Data extracts =
● ● ● ● ●

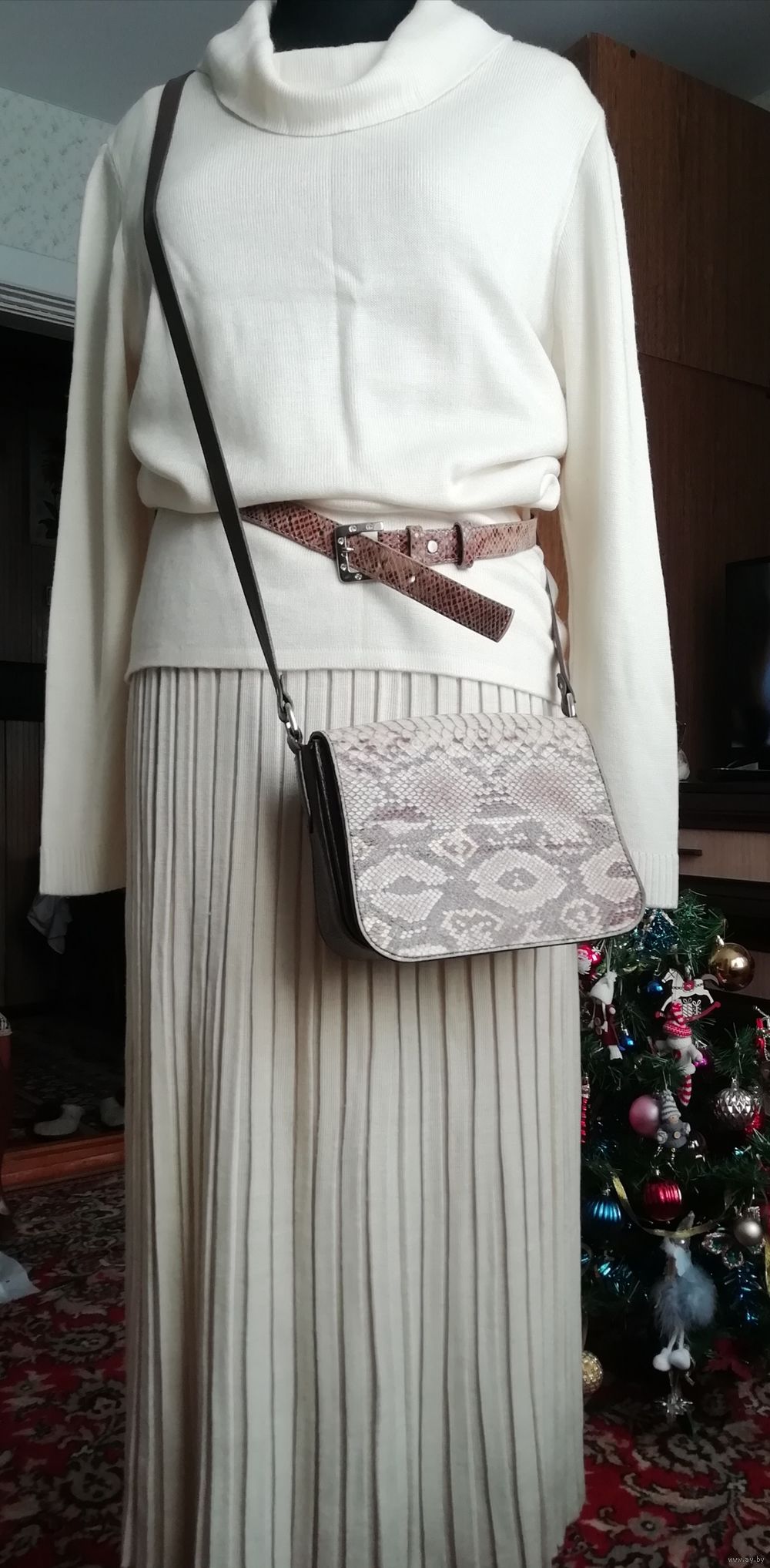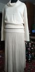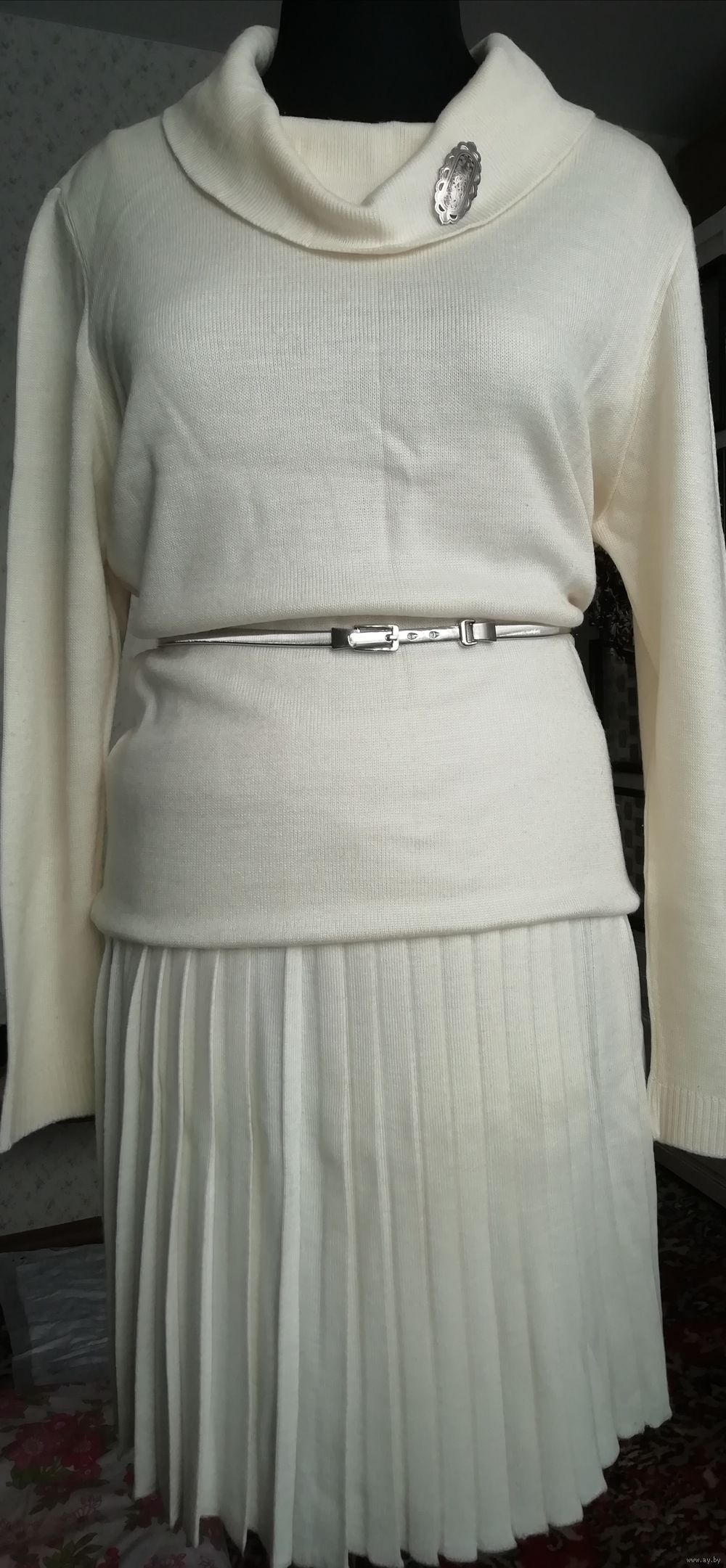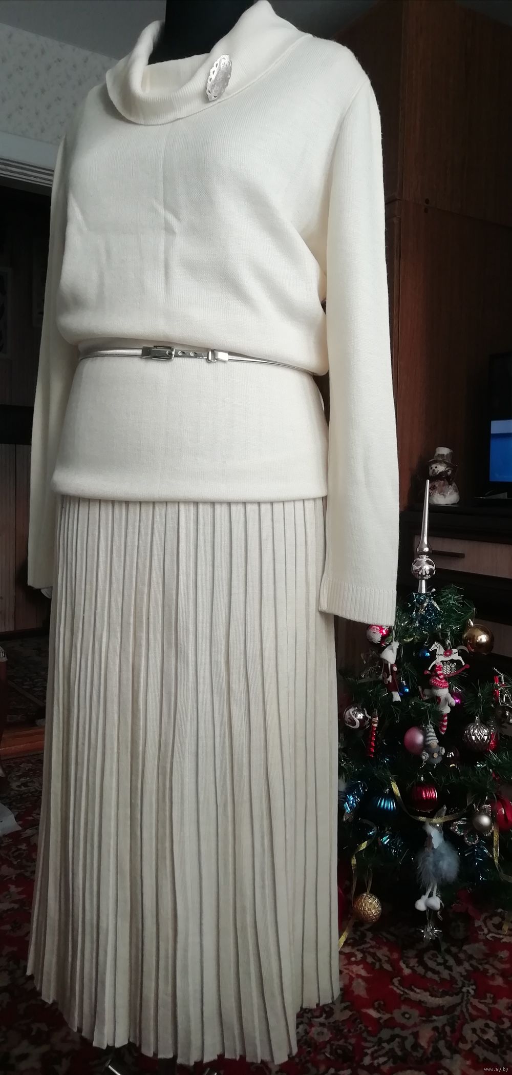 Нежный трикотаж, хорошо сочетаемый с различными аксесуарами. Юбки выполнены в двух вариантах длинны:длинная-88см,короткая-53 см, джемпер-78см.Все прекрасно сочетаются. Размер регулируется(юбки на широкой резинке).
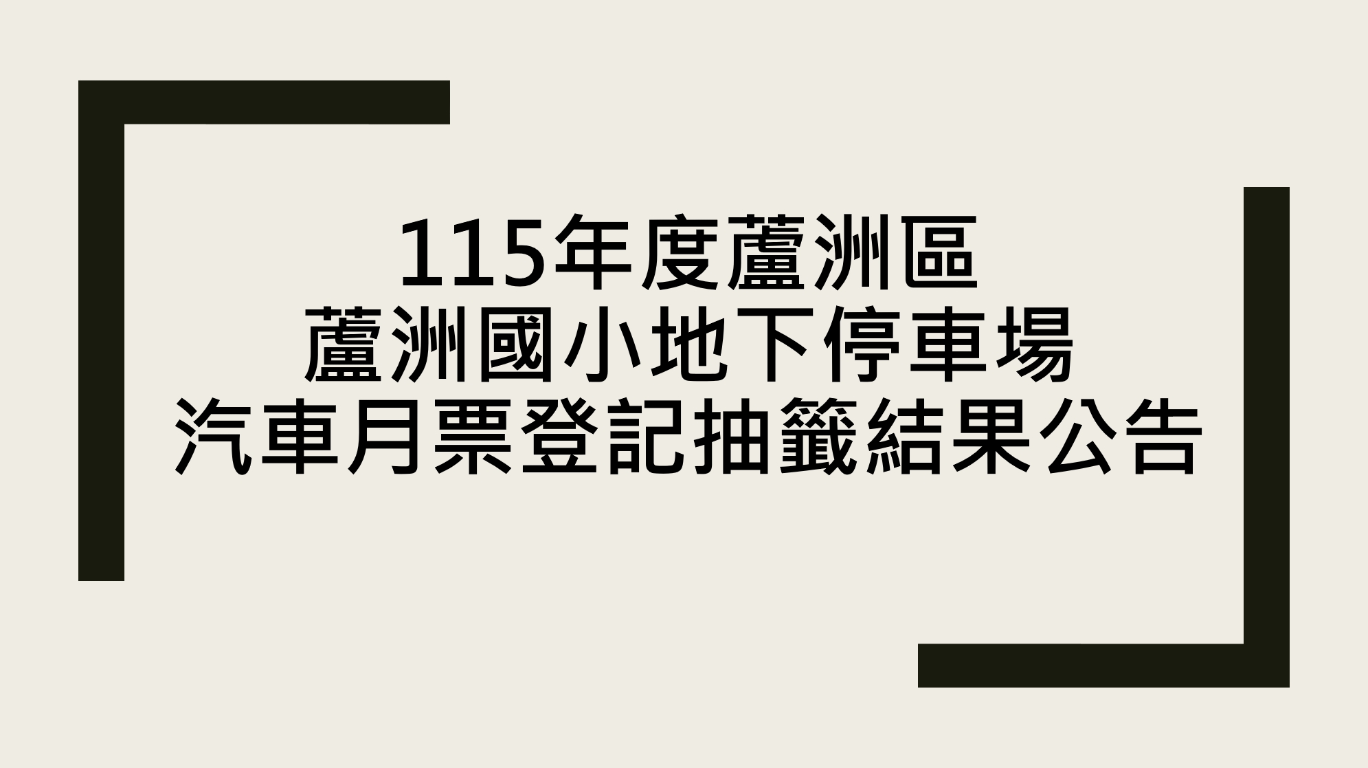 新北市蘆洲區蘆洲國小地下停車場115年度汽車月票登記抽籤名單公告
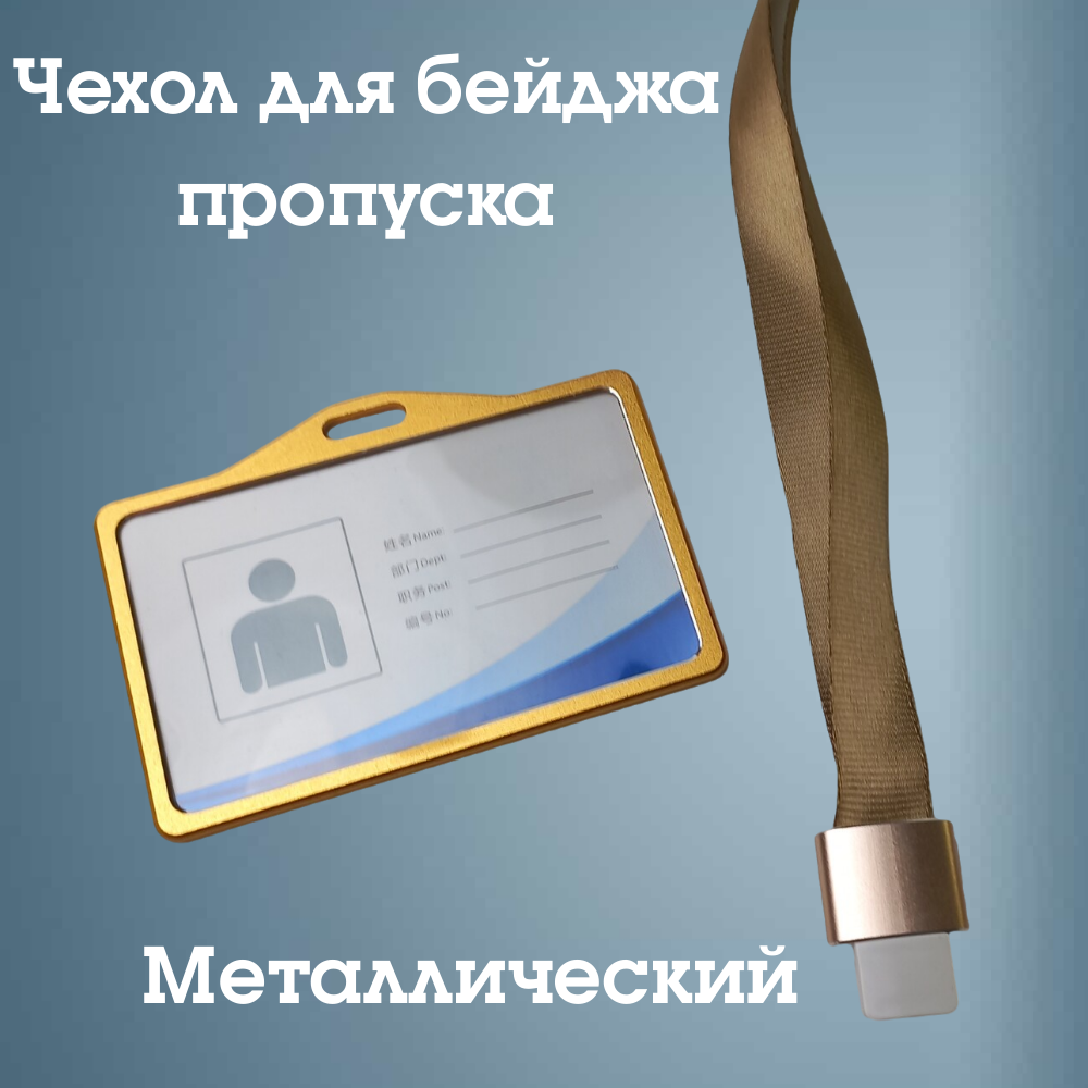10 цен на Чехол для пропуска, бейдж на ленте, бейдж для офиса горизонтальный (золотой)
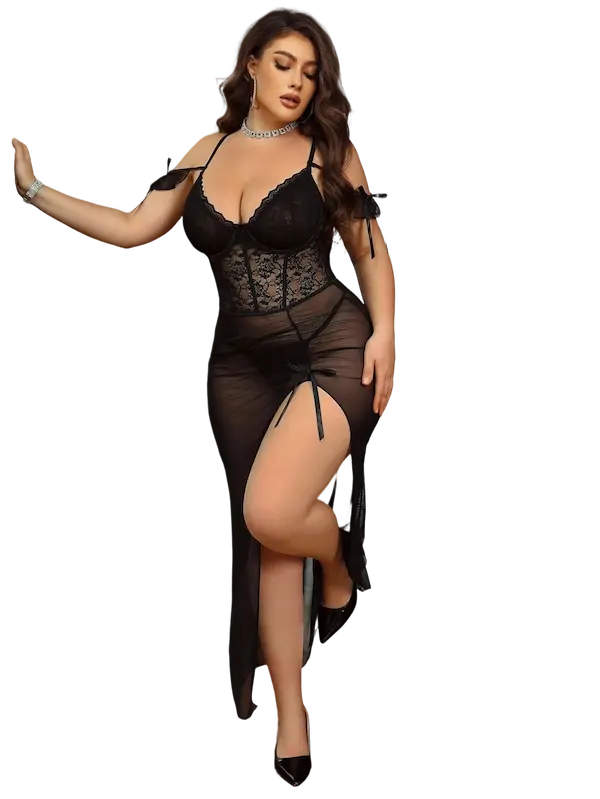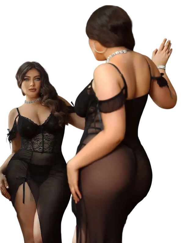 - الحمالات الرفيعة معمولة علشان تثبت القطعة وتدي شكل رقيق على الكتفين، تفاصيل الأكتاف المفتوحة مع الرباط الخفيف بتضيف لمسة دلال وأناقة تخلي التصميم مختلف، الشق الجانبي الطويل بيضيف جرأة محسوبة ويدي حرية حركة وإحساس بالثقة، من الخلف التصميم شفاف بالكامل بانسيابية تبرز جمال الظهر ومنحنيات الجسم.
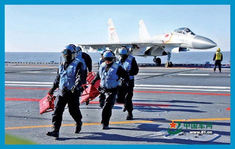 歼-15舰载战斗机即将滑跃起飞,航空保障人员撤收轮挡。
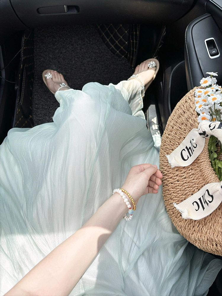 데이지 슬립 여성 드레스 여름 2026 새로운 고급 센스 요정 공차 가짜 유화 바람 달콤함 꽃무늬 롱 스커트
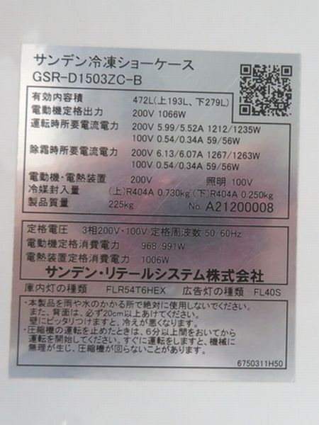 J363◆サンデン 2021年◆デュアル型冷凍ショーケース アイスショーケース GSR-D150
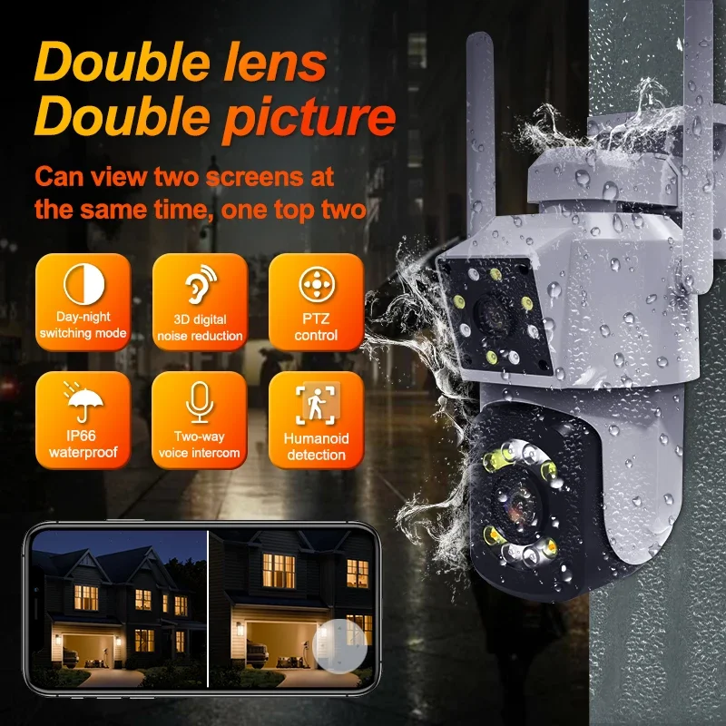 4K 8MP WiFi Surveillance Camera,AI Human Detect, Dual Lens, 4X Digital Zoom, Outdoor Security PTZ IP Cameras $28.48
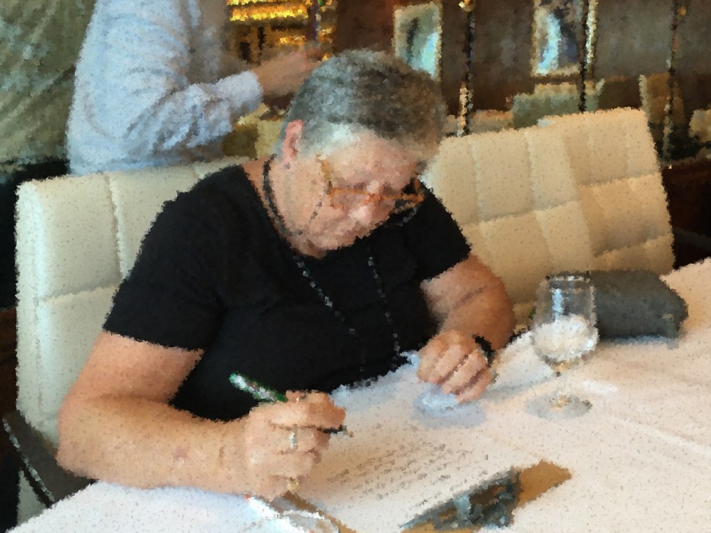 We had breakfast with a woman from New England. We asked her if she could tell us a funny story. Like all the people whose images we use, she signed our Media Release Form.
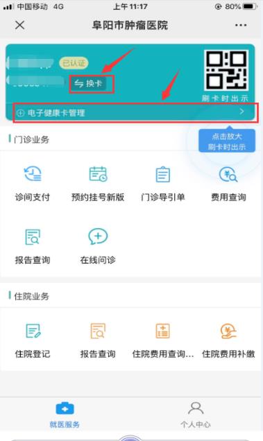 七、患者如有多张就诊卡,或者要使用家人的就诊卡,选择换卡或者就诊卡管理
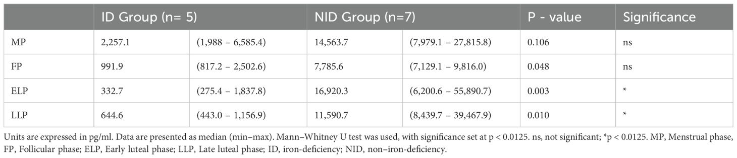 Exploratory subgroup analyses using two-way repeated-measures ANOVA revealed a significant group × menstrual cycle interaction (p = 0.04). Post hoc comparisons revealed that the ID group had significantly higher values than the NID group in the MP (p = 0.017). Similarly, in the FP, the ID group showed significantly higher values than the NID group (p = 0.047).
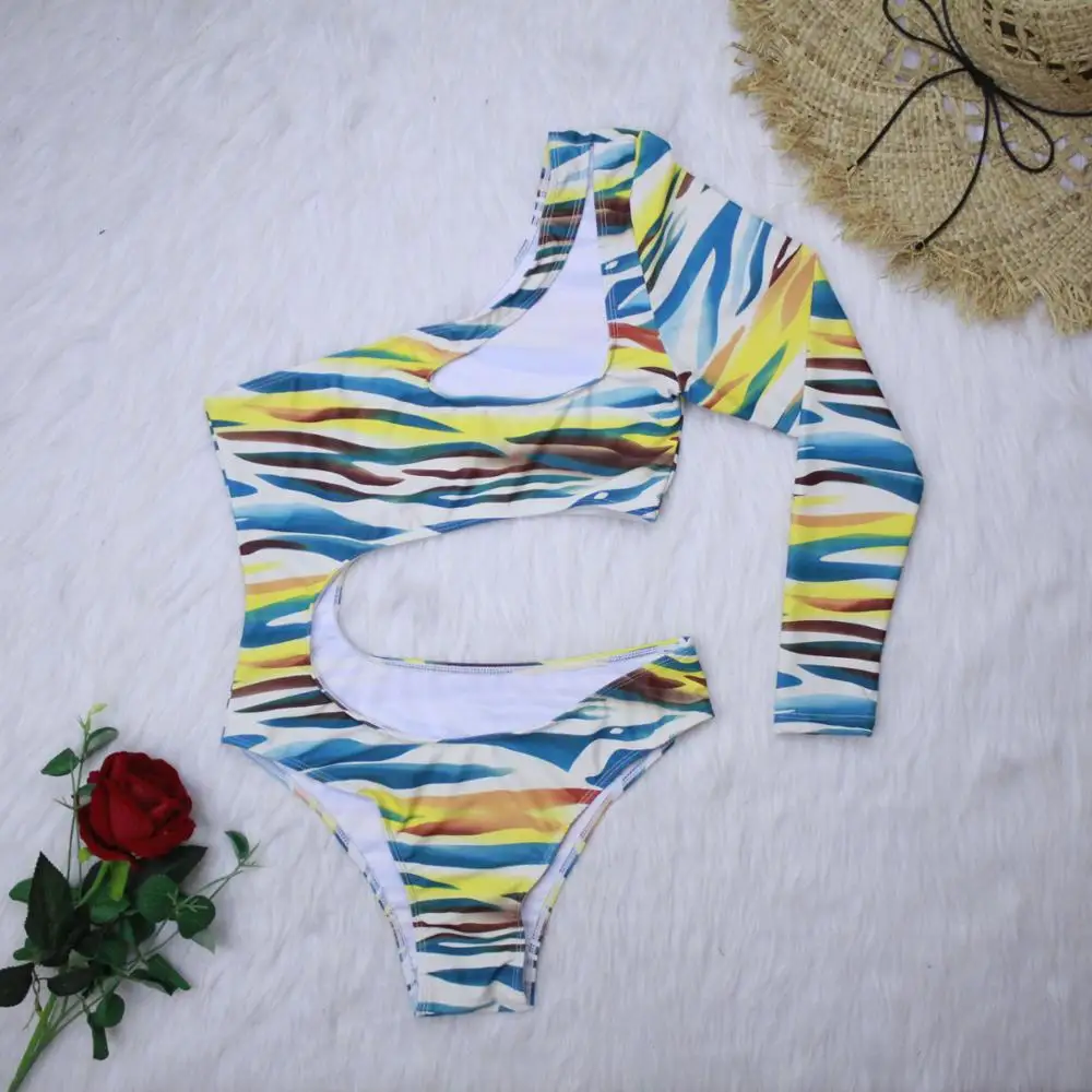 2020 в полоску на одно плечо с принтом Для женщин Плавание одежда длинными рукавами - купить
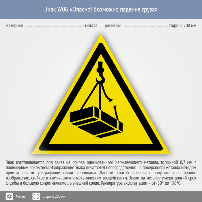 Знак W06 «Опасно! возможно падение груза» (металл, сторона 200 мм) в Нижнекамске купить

● ● ● ● ●

What is being asked = Reproduce the whole listing verbatim and keep all pictures out of it.

Answer space =
 Нежный трикотаж, хорошо сочетаемый с различными аксесуарами. Юбки выполнены в двух вариантах длинны:длинная-88см,короткая-53 см, джемпер-78см.Все прекрасно сочетаются. Размер регулируется(юбки на широкой резинке).
 新北市蘆洲區蘆洲國小地下停車場115年度汽車月票登記抽籤名單公告
10 цен на Чехол для пропуска, бейдж на ленте, бейдж для офиса горизонтальный (золотой)
 - الحمالات الرفيعة معمولة علشان تثبت القطعة وتدي شكل رقيق على الكتفين، تفاصيل الأكتاف المفتوحة مع الرباط الخفيف بتضيف لمسة دلال وأناقة تخلي التصميم مختلف، الشق الجانبي الطويل بيضيف جرأة محسوبة ويدي حرية حركة وإحساس بالثقة، من الخلف التصميم شفاف بالكامل بانسيابية تبرز جمال الظهر ومنحنيات الجسم.
 歼-15舰载战斗机即将滑跃起飞,航空保障人员撤收轮挡。
 데이지 슬립 여성 드레스 여름 2026 새로운 고급 센스 요정 공차 가짜 유화 바람 달콤함 꽃무늬 롱 스커트
 J363◆サンデン 2021年◆デュアル型冷凍ショーケース アイスショーケース GSR-D150
 4K 8MP WiFi Surveillance Camera,AI Human Detect, Dual Lens, 4X Digital Zoom, Outdoor Security PTZ IP Cameras $28.48
 We had breakfast with a woman from New England. We asked her if she could tell us a funny story. Like all the people whose images we use, she signed our Media Release Form.
 七、患者如有多张就诊卡,或者要使用家人的就诊卡,选择换卡或者就诊卡管理
 Exploratory subgroup analyses using two-way repeated-measures ANOVA revealed a significant group × menstrual cycle interaction (p = 0.04). Post hoc comparisons revealed that the ID group had significantly higher values than the NID group in the MP (p = 0.017). Similarly, in the FP, the ID group showed significantly higher values than the NID group (p = 0.047).
 2020 в полоску на одно плечо с принтом Для женщин Плавание одежда длинными рукавами - купить
 Знак W06 «Опасно! возможно падение груза» (металл, сторона 200 мм) в Нижнекамске купить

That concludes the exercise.